● PROBLEM REQUIREMENTS: Copy exactly, and only, the lines between the start of the entries below and the line containing "產(chǎn)品描述:內(n", both inclusive. Omit pictures.

● MATERIAL FOR THIS TASK:
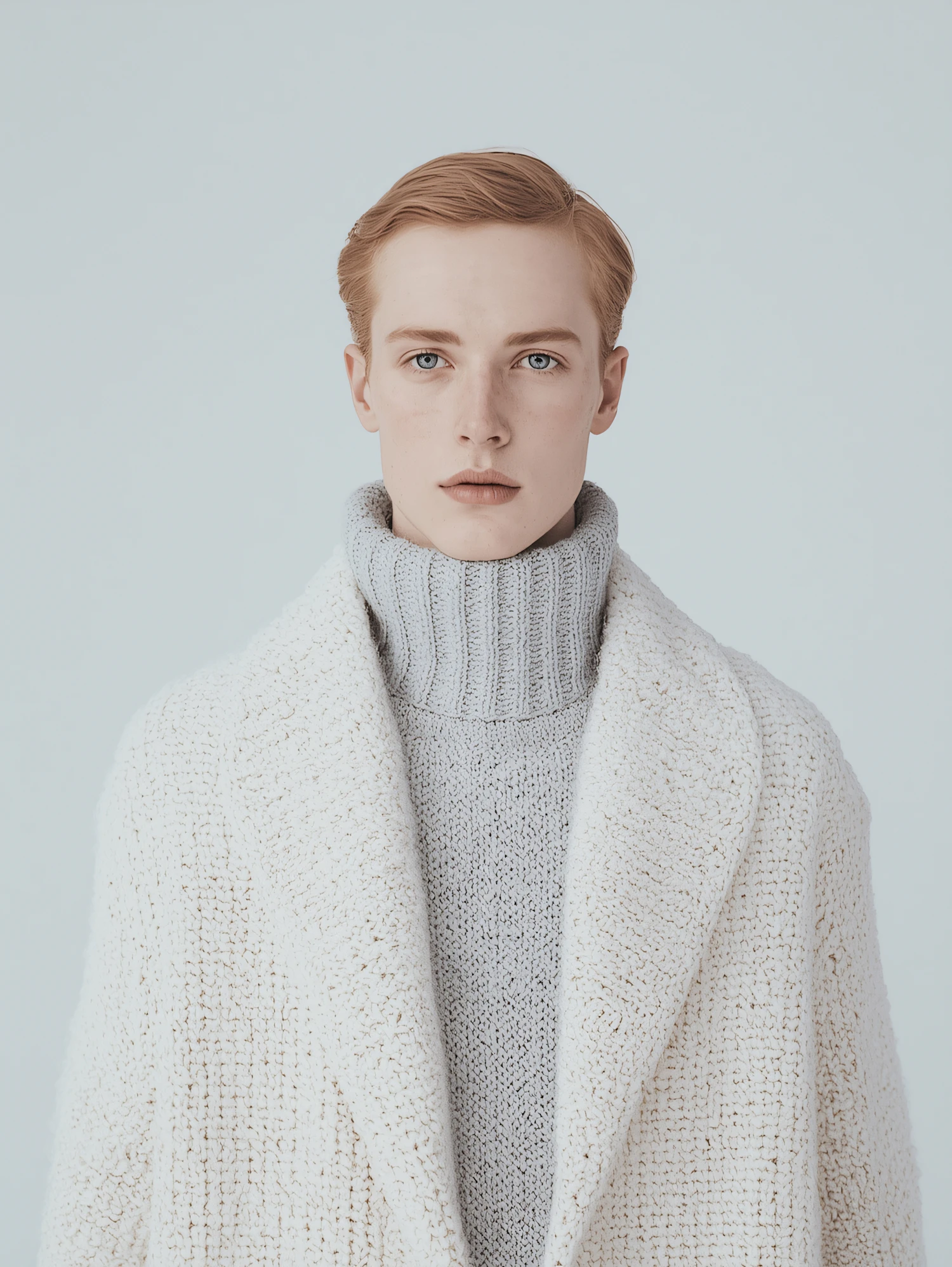 Minimalist portrait of a person in a white textured coat and gray turtleneck against a pale blue background, showcasing winter fashion.
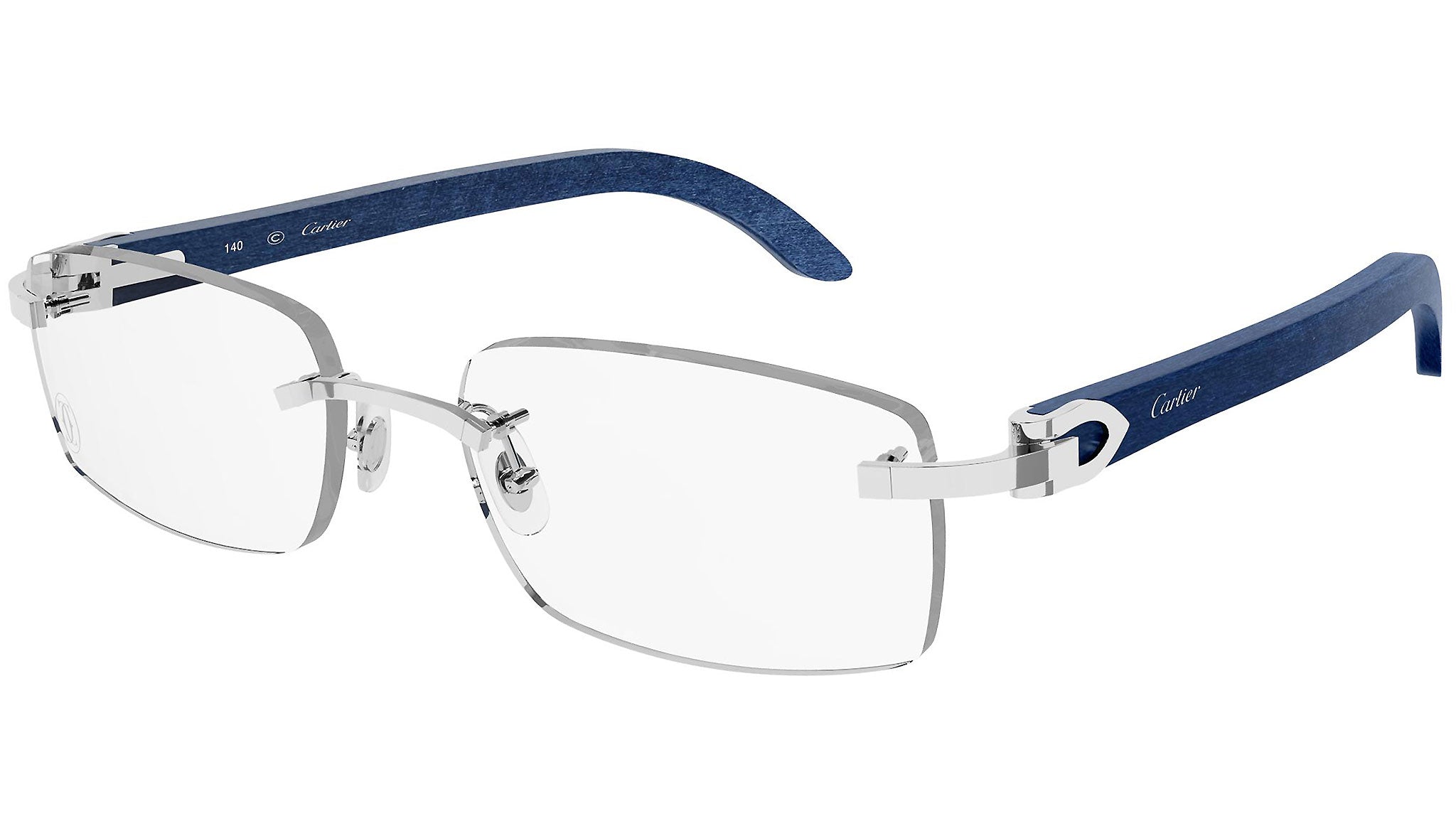 Occhiali da vista Cartier linea Exception modello 0052O, variante colore 007 finish platino levigato con astine color blu. Fondata nel 1847, Maison Cartier non è solo uno dei nomi più affermati nel mondo della gioielleria e dell'orologeria, ma anche il punto di riferimento del più moderno concetto di lusso contemporaneo. Cartier crea occhiali eccezionali, declina ogni design traendo ispirazione dai tratti distintivi del proprio vocabolario iconico, guidato da una vision stilistica chiara, dalla creatività più distintiva, e da un savoir-faire eccezionale.
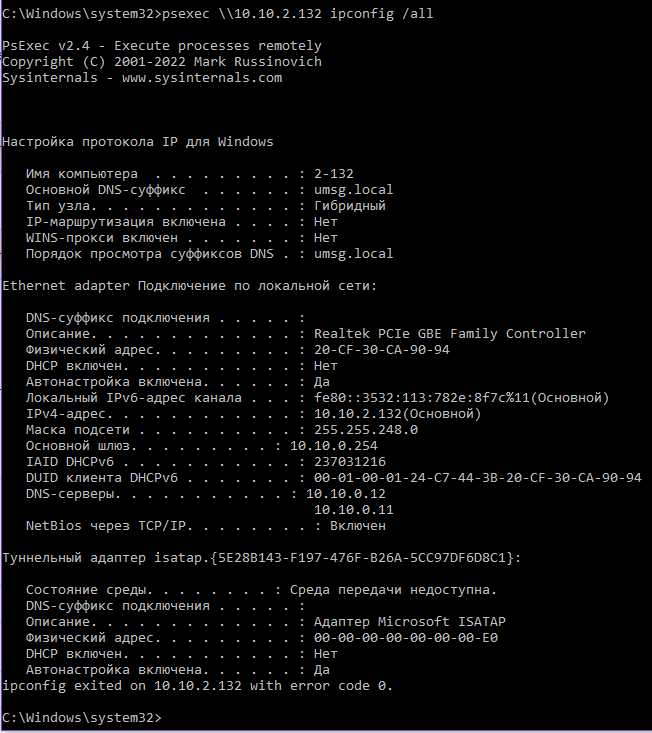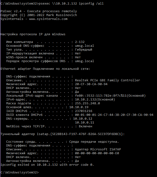 psexec \\10.10.2.132 ipconfig /all
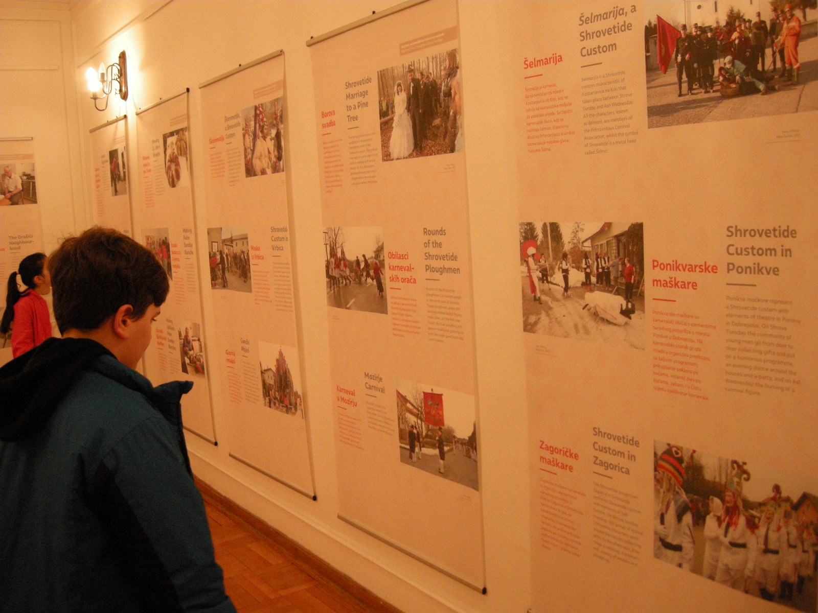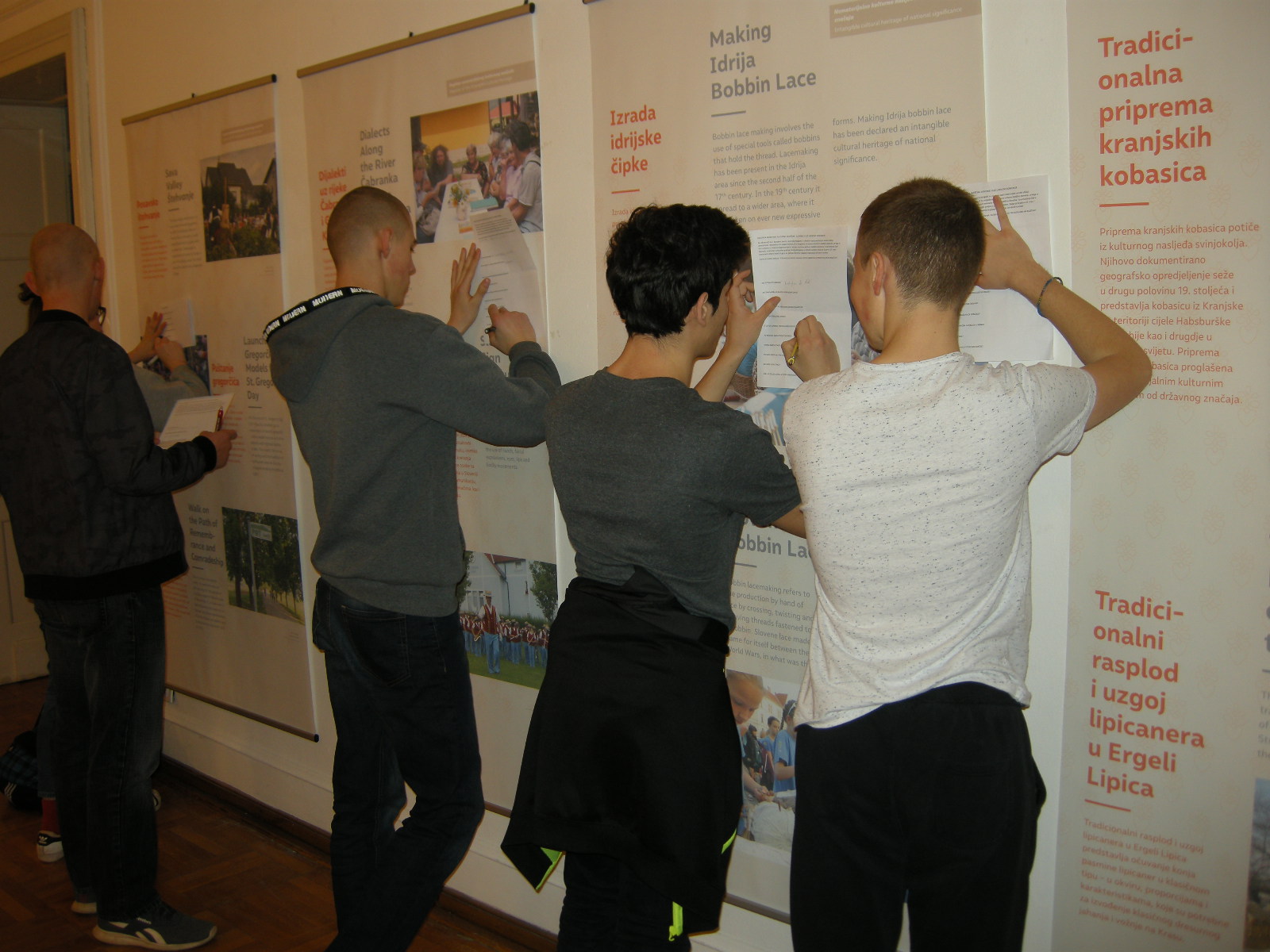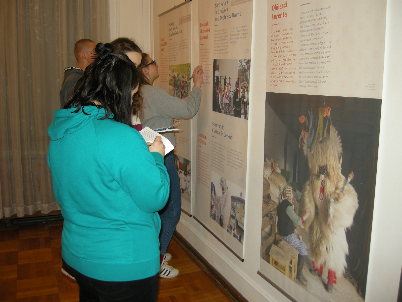 Pustna sobota je bila pravi dan za ogled panojev, saj na razstavi spoznamo veliko starih pustnih običajev, predstavljeni so tudi obhodi kurentov. Učenci dopolnilnega pouka slovenščine so si pozorno ogledali razstavo, ob panojih so reševali delovni list. Kje poteka šelmarija, zakaj potrebujemo skodle, kje izdelujejo čipke, kako rečejo tradicionalno pobarvanim jajcem v Beli krajini in kako v Prekmurju, kdaj spuščajo otroci v vodo gregorčke, kaj je mohant – to so le nekatera od vprašanj, na katera najdemo odgovor na razstavi. Učenci so se strinjali, da Slovenija skriva veliko zanimivosti in da so o mnogih narodnih običajih pri dopolnilnem pouku slovenščine že veliko slišali. Tako kot za slovenščino velja, da ima vsaka vas svoj glas, tako je tudi kulturna dediščina Slovenije zelo raznolika. Prenašanje tega bogastva na mlade je eno izmed poslanstev društev Slovencev, ki se povsod po svetu trudijo ohranjati slovenski jezik in kulturo.
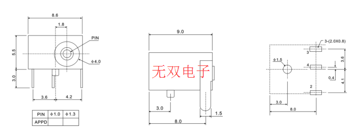 產(chǎn)品描述:內(nèi)徑4.0,針大小1.0/1.3,可以對(duì)插3.5*1.1,3.5*1.3,3*8*1.35公頭
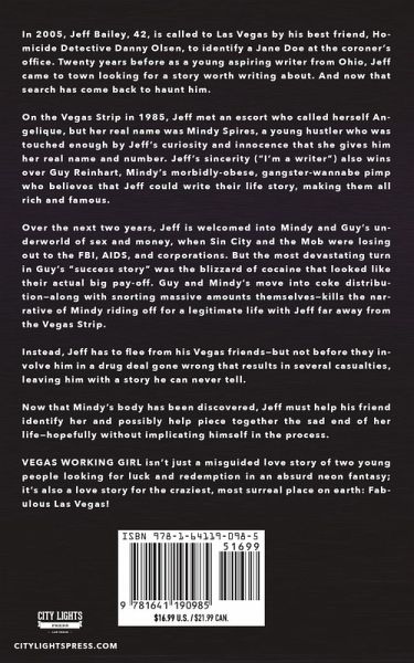 In 2005, Jeff Bailey, 42, is called to Las Vegas by his best friend, Homicide Detective Danny Olsen, to identify a Jane Doe at the coroner's office. Twenty years before as a young aspiring writer from Ohio, Jeff came to town looking for a story worth writing about. And now that search has come back to haunt him. On the Vegas Strip in 1985, Jeff met an escort who called herself Angelique, but her real name was Mindy Spires, a young hustler who was touched enough by Jeff's curiosity and innocence that she gives him her real name and number. Jeff's sincerity ("I'm a writer") also wins over Guy Reinhart, Mindy's morbidly-obese, gangster-wannabe pimp who believes that Jeff could write their life story, making them all rich and famous. Over the next two years, Jeff is welcomed into Mindy and Guy's underworld of sex and money, when Sin City and the Mob were losing out to the FBI, AIDS, and corporations. But the most devastating turn in Guy's "success story" was the blizzard of cocaine that looked like their actual big pay-off. Guy and Mindy's move into coke distribution-along with snorting massive amounts themselves-kills the narrative of Mindy riding off for a legitimate life with Jeff far away from the Vegas Strip. Instead, Jeff has to flee from his Vegas friends-but not before they involve him in a drug deal gone wrong that results in several casualties, leaving him with a story he can never tell. Now that Mindy's body has been discovered, Jeff must help his friend identify her and possibly help piece together the sad end of her life-hopefully without implicating himself in the process. VEGAS WORKING GIRL isn't just a misguided love story of two young people looking for luck and redemption in an absurd neon fantasy; it's also a love story for the craziest, most surreal place on earth: Fabulous Las Vegas!
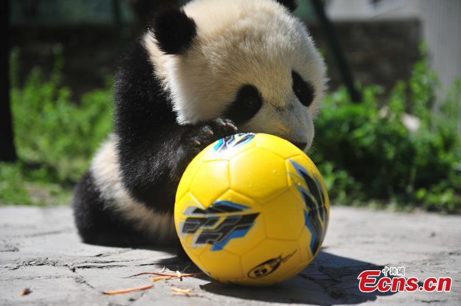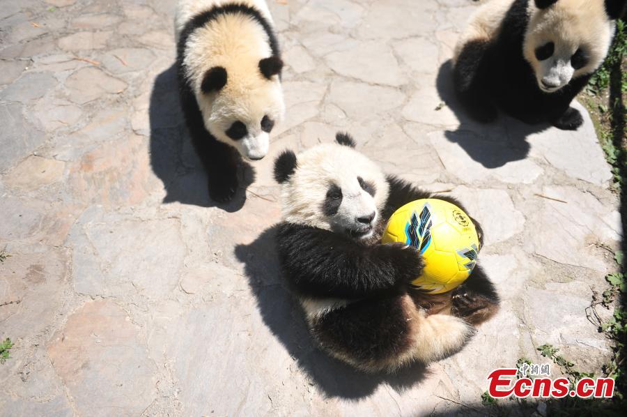 Giant pandas play football at Wolong Shenshuping Base of China Conservation and Research Center for Giant Pandas in Ngawa Tibetan and Qiang Autonomous Prefecture, Southwest China’s Sichuan Province. Eight pandas, all born in 2017, will participate in six events during the World Cup from June 14 to July 15 on iPanda.com, China's giant panda cam TV channel, according to the center. (Photo/VCG)
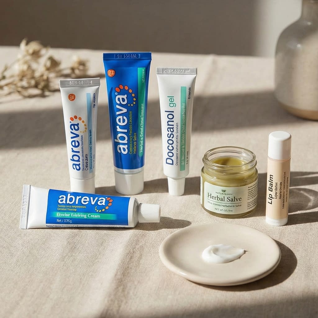 - Docosanol 10% cream (Abreva® in many regions): topical antiviral that can shorten healing when applied at first signs (follow instructions).
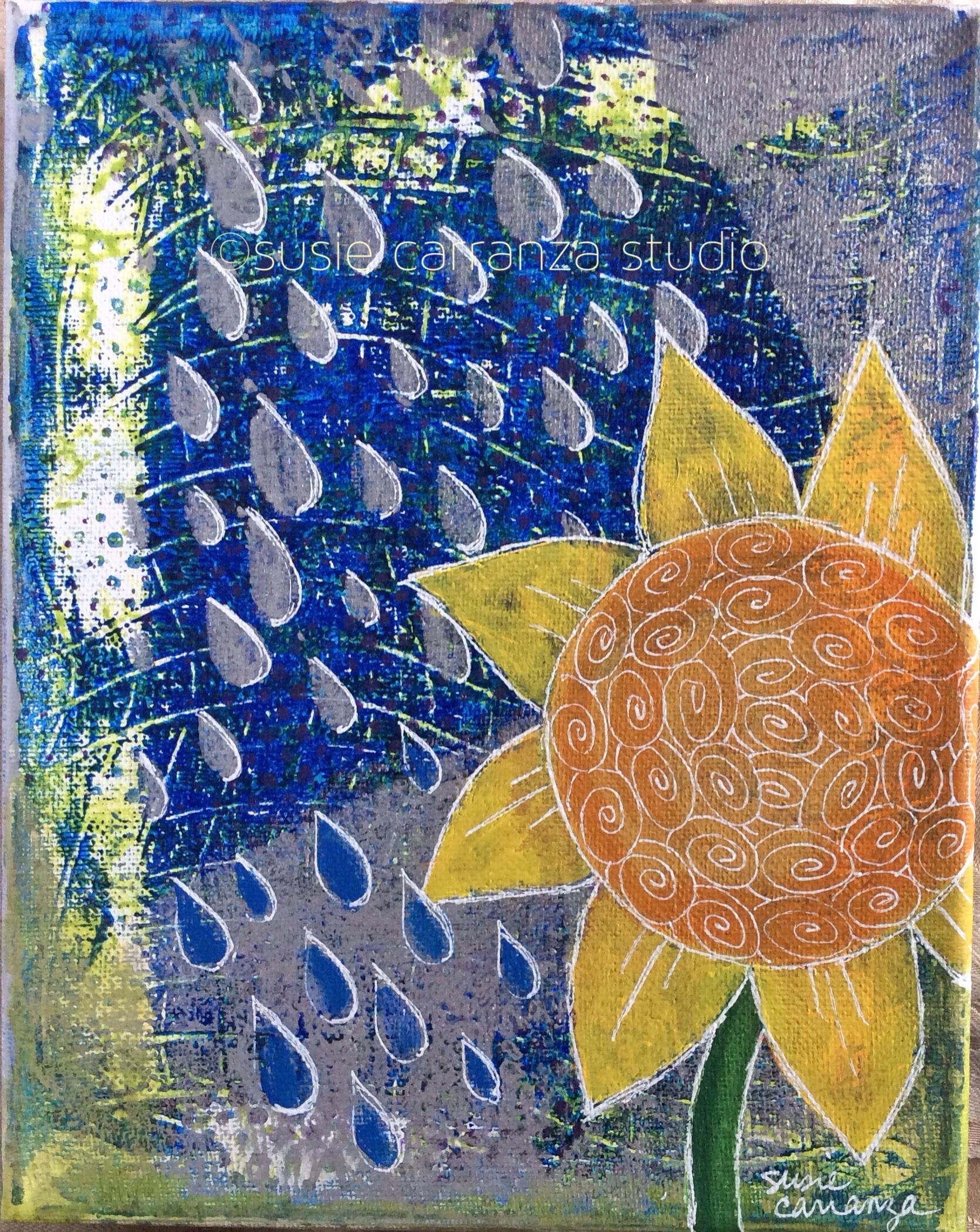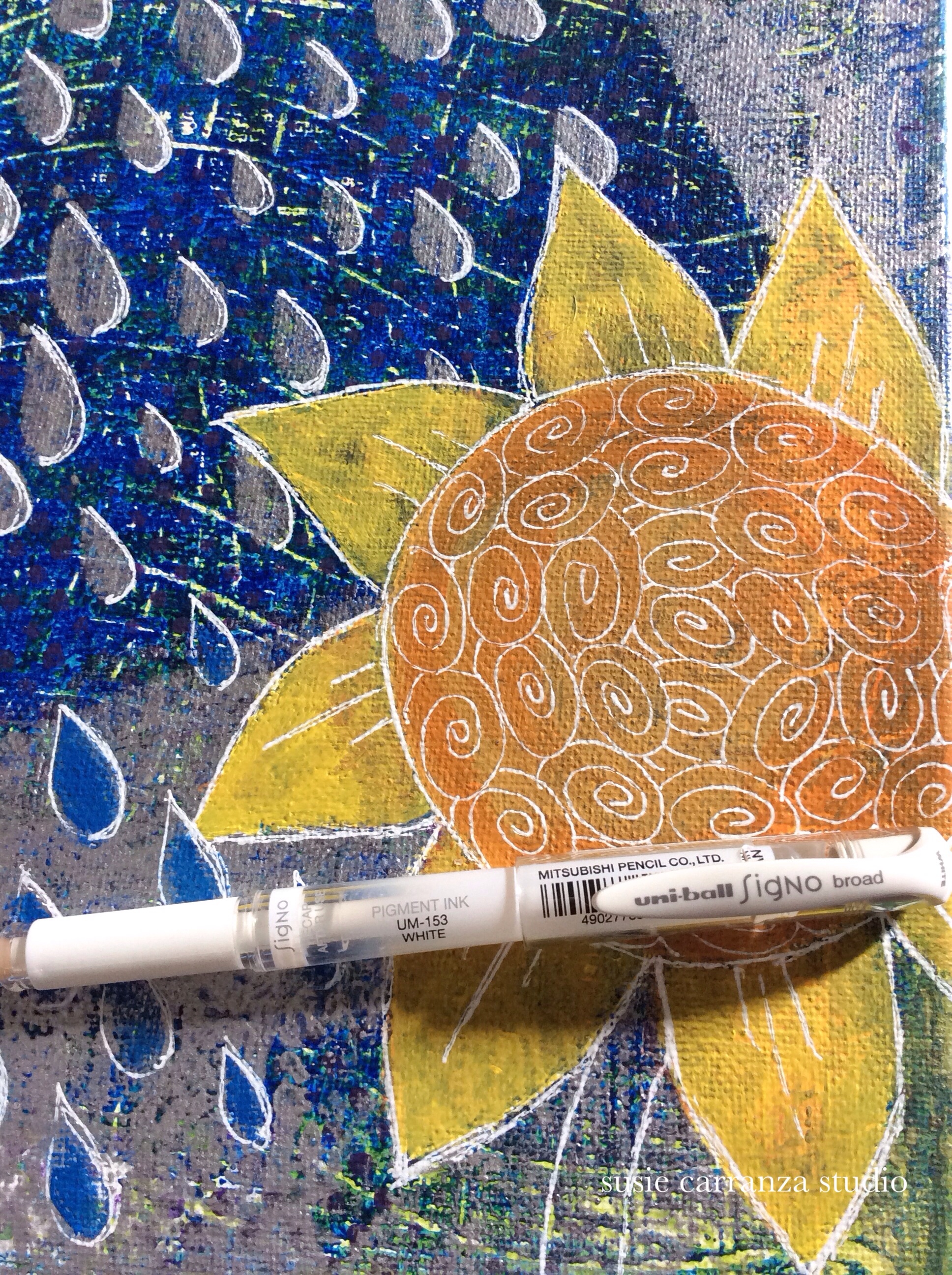 my first painting: “Sunflowers in the Rain”. I used an 8′ by 10′ canvas, with a gelli printed background. I also challenged myself NOT to use my beloved Sharpies or PITT artist pens, instead using my new white uni- ball Signo pens. (which, by the way, I LOVED! all my blacks pens and markers have some serious competition now!)
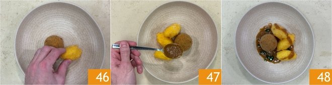 You are ready to plate: on each plate, place one veal shank croquette and 3 polenta quenelles 46. Drizzle with the remaining veal shank sauce 47 and finish with a few drops of parsley oil. Serve your veal shank croquettes immediately 48!

● SOLUTION:
 Minimalist portrait of a person in a white textured coat and gray turtleneck against a pale blue background, showcasing winter fashion.
 Occhiali da vista Cartier linea Exception modello 0052O, variante colore 007 finish platino levigato con astine color blu. Fondata nel 1847, Maison Cartier non è solo uno dei nomi più affermati nel mondo della gioielleria e dell'orologeria, ma anche il punto di riferimento del più moderno concetto di lusso contemporaneo. Cartier crea occhiali eccezionali, declina ogni design traendo ispirazione dai tratti distintivi del proprio vocabolario iconico, guidato da una vision stilistica chiara, dalla creatività più distintiva, e da un savoir-faire eccezionale.
 psexec \\10.10.2.132 ipconfig /all
 Pustna sobota je bila pravi dan za ogled panojev, saj na razstavi spoznamo veliko starih pustnih običajev, predstavljeni so tudi obhodi kurentov. Učenci dopolnilnega pouka slovenščine so si pozorno ogledali razstavo, ob panojih so reševali delovni list. Kje poteka šelmarija, zakaj potrebujemo skodle, kje izdelujejo čipke, kako rečejo tradicionalno pobarvanim jajcem v Beli krajini in kako v Prekmurju, kdaj spuščajo otroci v vodo gregorčke, kaj je mohant – to so le nekatera od vprašanj, na katera najdemo odgovor na razstavi. Učenci so se strinjali, da Slovenija skriva veliko zanimivosti in da so o mnogih narodnih običajih pri dopolnilnem pouku slovenščine že veliko slišali. Tako kot za slovenščino velja, da ima vsaka vas svoj glas, tako je tudi kulturna dediščina Slovenije zelo raznolika. Prenašanje tega bogastva na mlade je eno izmed poslanstev društev Slovencev, ki se povsod po svetu trudijo ohranjati slovenski jezik in kulturo.
 產(chǎn)品描述:內(nèi)徑4.0,針大小1.0/1.3,可以對(duì)插3.5*1.1,3.5*1.3,3*8*1.35公頭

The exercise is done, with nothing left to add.